De verdediging en [Naam 6] hebben wel gesteld dat het geld dat in de genoemde bedrijvenstructuur is terechtgekomen niet van misdrijf afkomstig is, waardoor ook geen sprake geweest is van (gewoonte)witwassen zoals onder feit 1 ten laste is gelegd. De basis voor die feiten betreft immers het in Luxemburg gestorte geld. De rechtbank heeft echter aan het einde van de vorige paragraaf (4.3.1.6) geoordeeld dat wettig en overtuigend bewezen is dat dat geld (in ieder geval deels) wel van enig misdrijf afkomstig is. De andersluidende stelling van de verdediging en verdachte hoeft daarom onder feit niet verder besproken te worden en wordt terzijde geschoven.
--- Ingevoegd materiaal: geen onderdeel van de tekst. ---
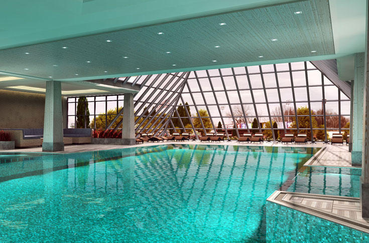 The complex located in Aktau, a city of Kazakistan has 7350m2 designed with two glass pyramids combining with a concrete structure to build two seperate zones with two different functions.In Spa Zone, there is one open and one indoor pool,a traditional hamam,sauna,steam rooms,resting areas.With the same enterance,you can lead to fitness areas upstairs including Man Fight sports,Aerobics,Pilates,Yoga,Children play areas.All the architectural and interior designs of spaces has been executed and followed through in one year.The Entertainment Zone has been located inside the other pyramid and included night club and lounge areas.The complex has opened in 2015

Gelet op de eerdere partiële vrijspraken en de tenlastegelegde pleegperiode zijn de volgende leenovereenkomsten en aankopen van onroerend goed van belang:
- leenovereenkomst gedateerd 29 juni 2007 tussen [Naam 19] en [Naam 41] voor € 300.000,00 [52] ;
- leenovereenkomst gedateerd 22 februari 2008 tussen [Naam 19] en [Naam 39] voor
€ 250.000,00 [53] ;
- leenovereenkomst gedateerd 22 februari 2008 tussen [Naam 19] en [Naam 31] voor
€ 100.000,00 [54] ;
- leenovereenkomst gedateerd 29 juni 2007 tussen [Naam 19] en [Naam 33] voor € 50.000,00 [55] ;
- leenovereenkomst gedateerd 29 juni 2007 tussen [Naam 19] en [Naam 40] voor € 250.000,00 [56] ;
- leenovereenkomst gedateerd 4 april 2002 tussen [Naam 1] en [Naam 9] voor € 300.000,00 [57] ;
- leenovereenkomst (ongetekend) gedateerd 24 december 2004 tussen [Naam 1] en [Naam 9] voor € 100.000,00 [58] ;
- leenovereenkomst (ongetekend) gedateerd 23 maart 2006 tussen [Naam 1] en [Naam 9] voor
€ 100.000,00 [59] en
- pand [Straatnaam 2] [60] ;
- panden [Straatnaam 3] [61] en
- pand [Straatnaam 4] [62] .
de leenovereenkomsten
Over de leenovereenkomsten heeft de Fiod het volgende bevonden.
Tijdens het onderzoek is een aantal leenovereenkomsten aangetroffen, waarbij [Verdachte] als partij betrokken was. Bij aanvang van het onderzoek bestond het vermoeden dat die leenovereenkomsten onderdeel van loanbackconstructies zijn geweest. Het betreft leningen van [Naam 19] . Vastgesteld is dat er feitelijk geen geld via de bankrekening van [Naam 19] is overgemaakt, maar dat het geld direct of indirect via de derdenrekening van [Naam 5] afkomstig was van [Verdachte] .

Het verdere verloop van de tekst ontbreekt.